--- Supplied data Enclosed Below ---

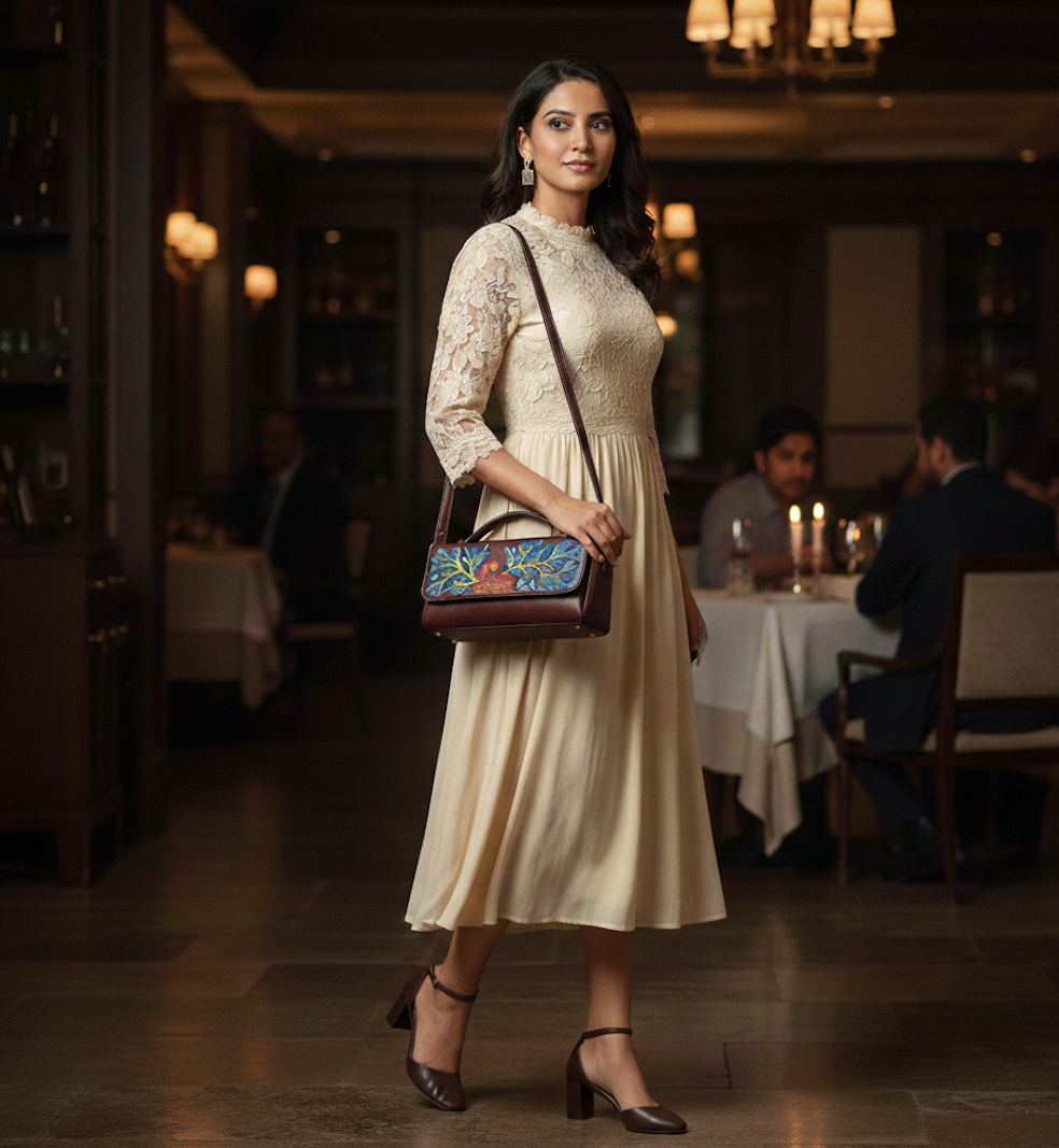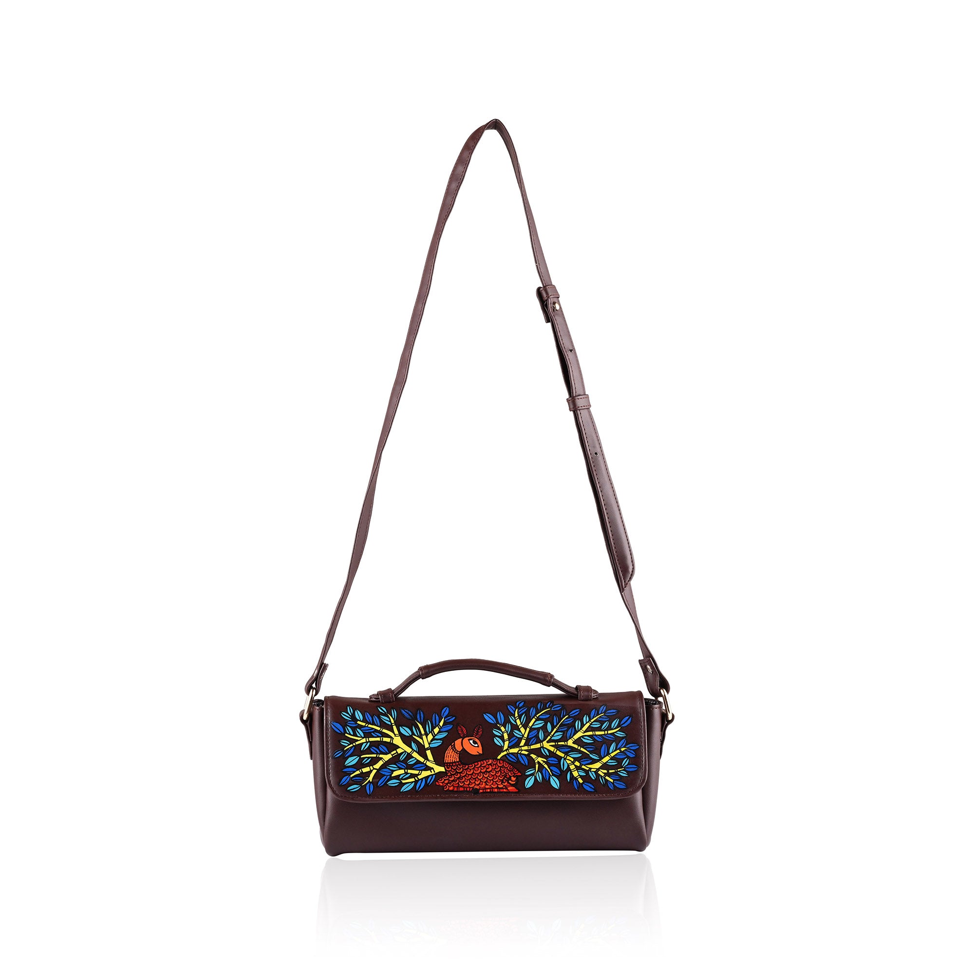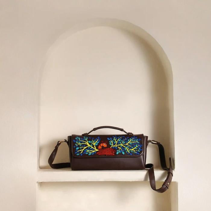 The warm brown base complements the colorful folk motifs, while its structured silhouette and flap-over style add a touch of modern sophistication. Perfect for casual outings, parties, dinners, or festive occasions, this sling celebrates art, tradition, and individuality in every detail.
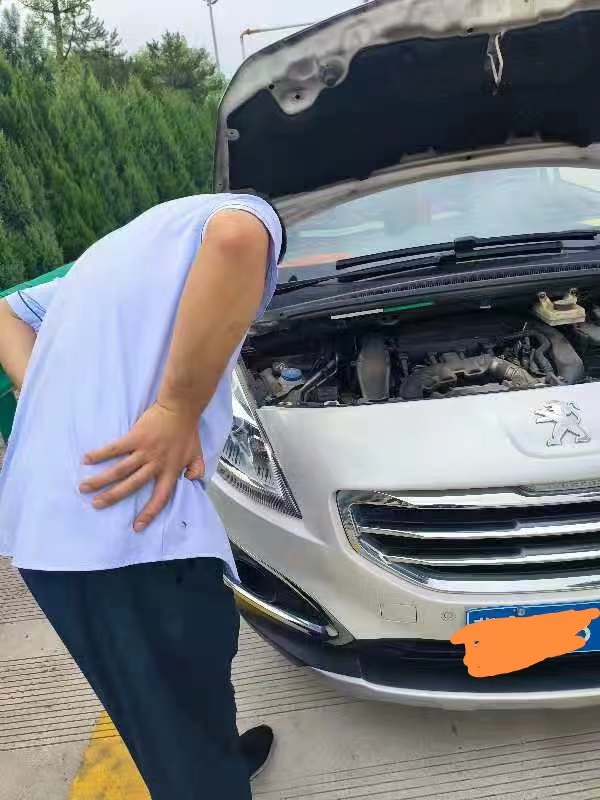 7月29日中午12点30分左右,一辆白色的小型客车停靠在了固安东收费站下道口收费广场上。疏导员魏俊杰发现此车辆后迅速上前询问情况。
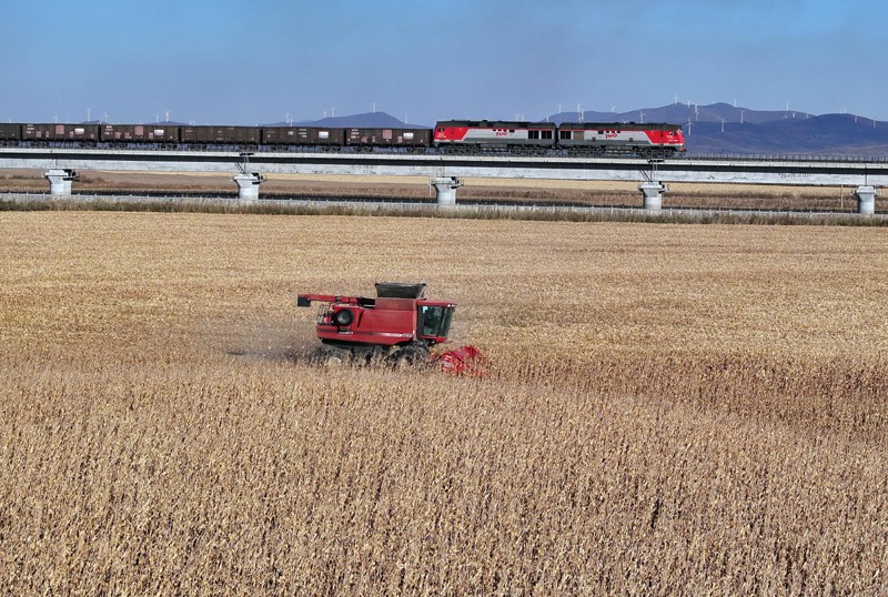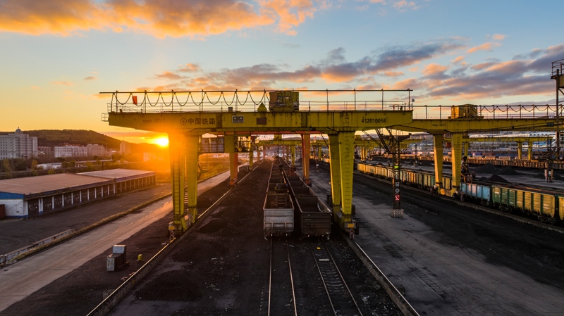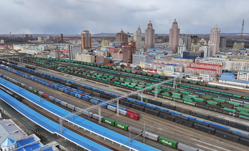 10月18日,一列滿載進(jìn)口物資的貨物列車駛向中國(guó)鐵路哈爾濱局集團(tuán)有限公司綏芬河站(無(wú)人機(jī)照片)。
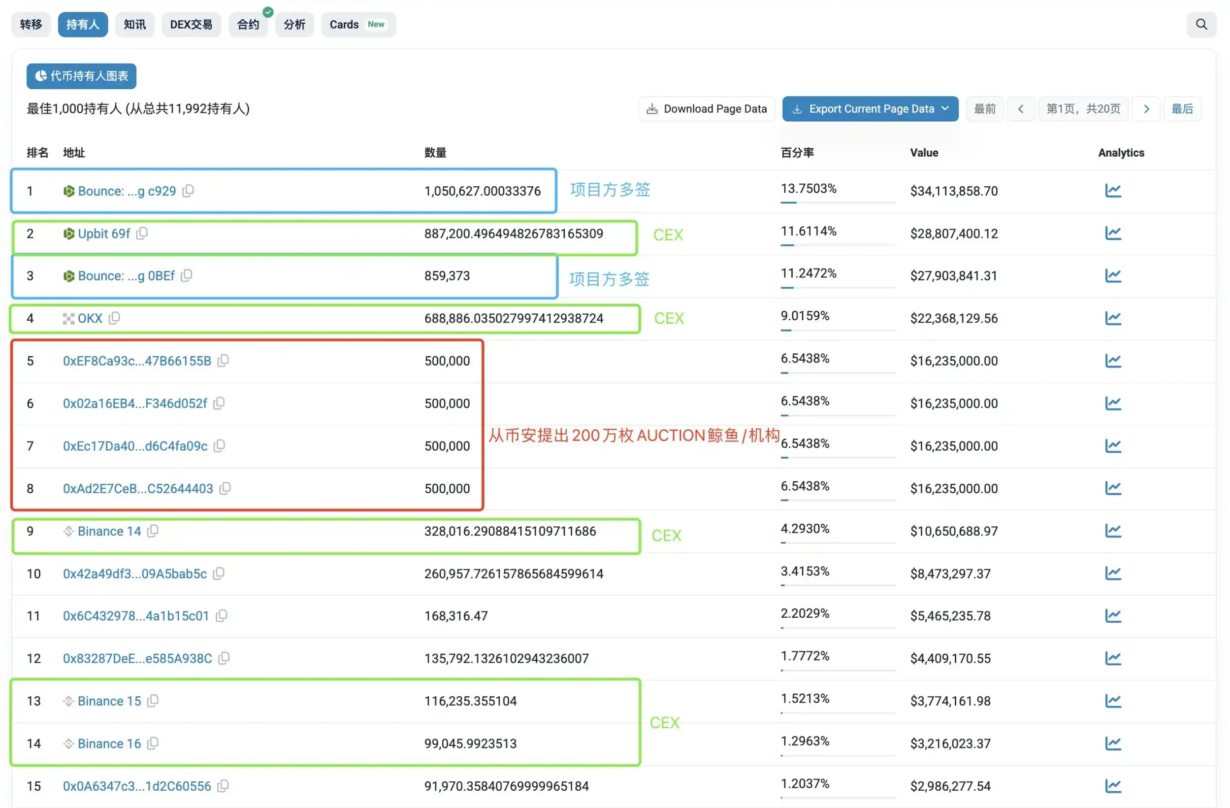 近期从 Binance 提出 AUCTION 的这个「庄家」:200 万枚(占代币总供应量的 26%),这 200 万枚币是在最近 3 周时间里从 Binance 提出来的;项目方地址:191 万枚(占代币总供应量的 25%),项目方两个多签钱包上次转出已经是 5 个月前,估计短期内也不会有操作。

--- End of Enclosed Supplied data ---

[Directions] Skip all pictures. Write out only the lines from the one containing "10月18日,一列滿載進(j" to the end of the listing above, inclusive, exactly as given.

[Response]
 10月18日,一列滿載進(jìn)口物資的貨物列車駛向中國(guó)鐵路哈爾濱局集團(tuán)有限公司綏芬河站(無(wú)人機(jī)照片)。
 近期从 Binance 提出 AUCTION 的这个「庄家」:200 万枚(占代币总供应量的 26%),这 200 万枚币是在最近 3 周时间里从 Binance 提出来的;项目方地址:191 万枚(占代币总供应量的 25%),项目方两个多签钱包上次转出已经是 5 个月前,估计短期内也不会有操作。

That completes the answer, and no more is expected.